(Work task) Exact copy, no pictures: return all the data below as written.

(Data shown)
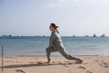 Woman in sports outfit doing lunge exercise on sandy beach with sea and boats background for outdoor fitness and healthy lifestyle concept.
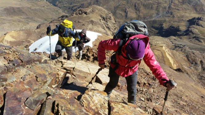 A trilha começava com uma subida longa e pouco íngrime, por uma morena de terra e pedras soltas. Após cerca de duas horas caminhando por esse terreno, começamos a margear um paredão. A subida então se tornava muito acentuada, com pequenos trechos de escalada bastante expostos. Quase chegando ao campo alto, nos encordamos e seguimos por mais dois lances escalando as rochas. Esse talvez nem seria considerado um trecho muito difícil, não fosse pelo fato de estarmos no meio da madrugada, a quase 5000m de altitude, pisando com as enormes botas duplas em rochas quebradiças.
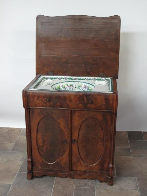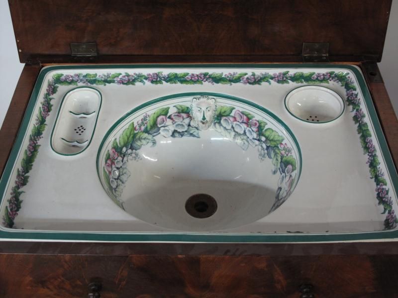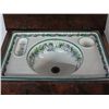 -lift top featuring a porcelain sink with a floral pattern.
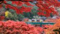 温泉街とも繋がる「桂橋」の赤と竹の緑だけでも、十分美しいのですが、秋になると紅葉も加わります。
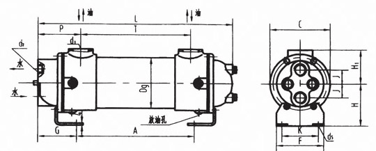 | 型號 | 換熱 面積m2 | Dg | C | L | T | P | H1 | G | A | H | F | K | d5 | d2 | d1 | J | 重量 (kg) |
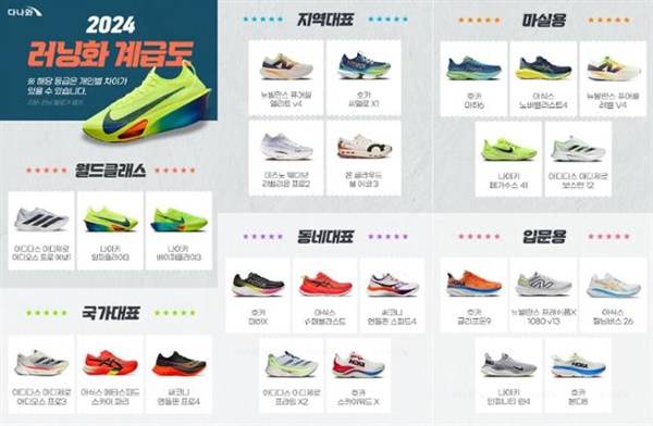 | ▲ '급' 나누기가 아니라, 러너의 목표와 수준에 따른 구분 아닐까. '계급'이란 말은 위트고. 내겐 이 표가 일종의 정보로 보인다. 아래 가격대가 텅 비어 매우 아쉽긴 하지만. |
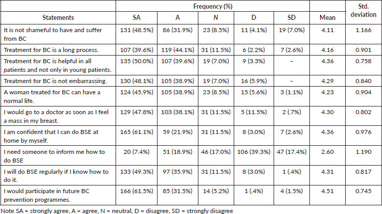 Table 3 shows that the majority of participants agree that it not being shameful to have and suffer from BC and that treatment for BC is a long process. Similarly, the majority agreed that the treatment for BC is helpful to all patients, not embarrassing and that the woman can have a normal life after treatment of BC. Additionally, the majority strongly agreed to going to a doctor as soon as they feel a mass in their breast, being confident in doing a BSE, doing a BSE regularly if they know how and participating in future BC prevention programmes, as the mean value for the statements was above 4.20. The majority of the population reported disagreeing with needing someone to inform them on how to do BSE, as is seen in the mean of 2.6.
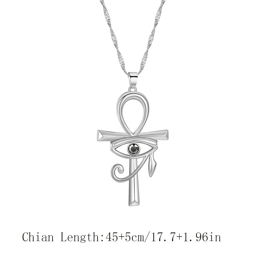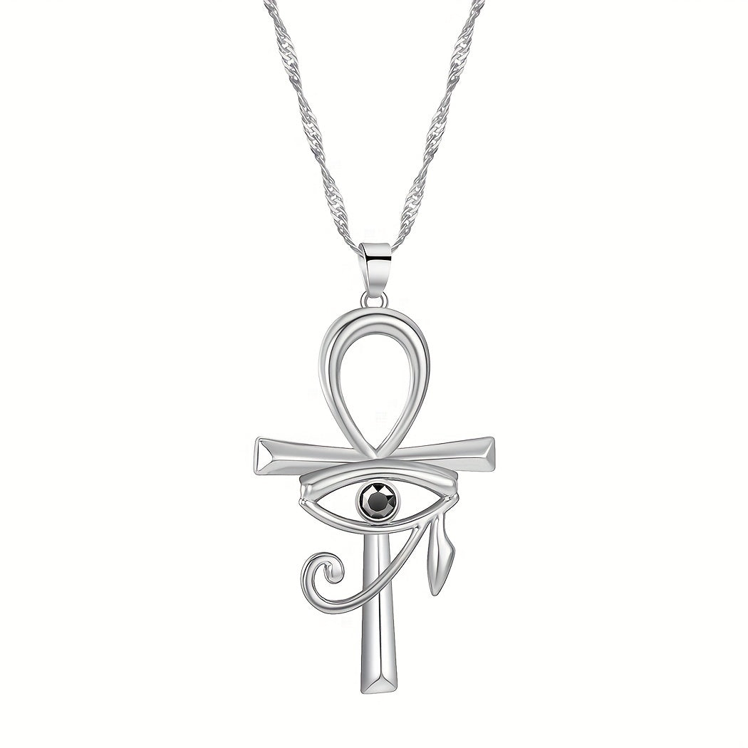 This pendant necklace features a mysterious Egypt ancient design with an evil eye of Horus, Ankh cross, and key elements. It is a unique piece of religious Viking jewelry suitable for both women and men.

(Task response)
 Woman in sports outfit doing lunge exercise on sandy beach with sea and boats background for outdoor fitness and healthy lifestyle concept.
 A trilha começava com uma subida longa e pouco íngrime, por uma morena de terra e pedras soltas. Após cerca de duas horas caminhando por esse terreno, começamos a margear um paredão. A subida então se tornava muito acentuada, com pequenos trechos de escalada bastante expostos. Quase chegando ao campo alto, nos encordamos e seguimos por mais dois lances escalando as rochas. Esse talvez nem seria considerado um trecho muito difícil, não fosse pelo fato de estarmos no meio da madrugada, a quase 5000m de altitude, pisando com as enormes botas duplas em rochas quebradiças.
 -lift top featuring a porcelain sink with a floral pattern.
 温泉街とも繋がる「桂橋」の赤と竹の緑だけでも、十分美しいのですが、秋になると紅葉も加わります。
 | 型號 | 換熱 面積m2 | Dg | C | L | T | P | H1 | G | A | H | F | K | d5 | d2 | d1 | J | 重量 (kg) |
 | ▲ '급' 나누기가 아니라, 러너의 목표와 수준에 따른 구분 아닐까. '계급'이란 말은 위트고. 내겐 이 표가 일종의 정보로 보인다. 아래 가격대가 텅 비어 매우 아쉽긴 하지만. |
 Table 3 shows that the majority of participants agree that it not being shameful to have and suffer from BC and that treatment for BC is a long process. Similarly, the majority agreed that the treatment for BC is helpful to all patients, not embarrassing and that the woman can have a normal life after treatment of BC. Additionally, the majority strongly agreed to going to a doctor as soon as they feel a mass in their breast, being confident in doing a BSE, doing a BSE regularly if they know how and participating in future BC prevention programmes, as the mean value for the statements was above 4.20. The majority of the population reported disagreeing with needing someone to inform them on how to do BSE, as is seen in the mean of 2.6.
 This pendant necklace features a mysterious Egypt ancient design with an evil eye of Horus, Ankh cross, and key elements. It is a unique piece of religious Viking jewelry suitable for both women and men.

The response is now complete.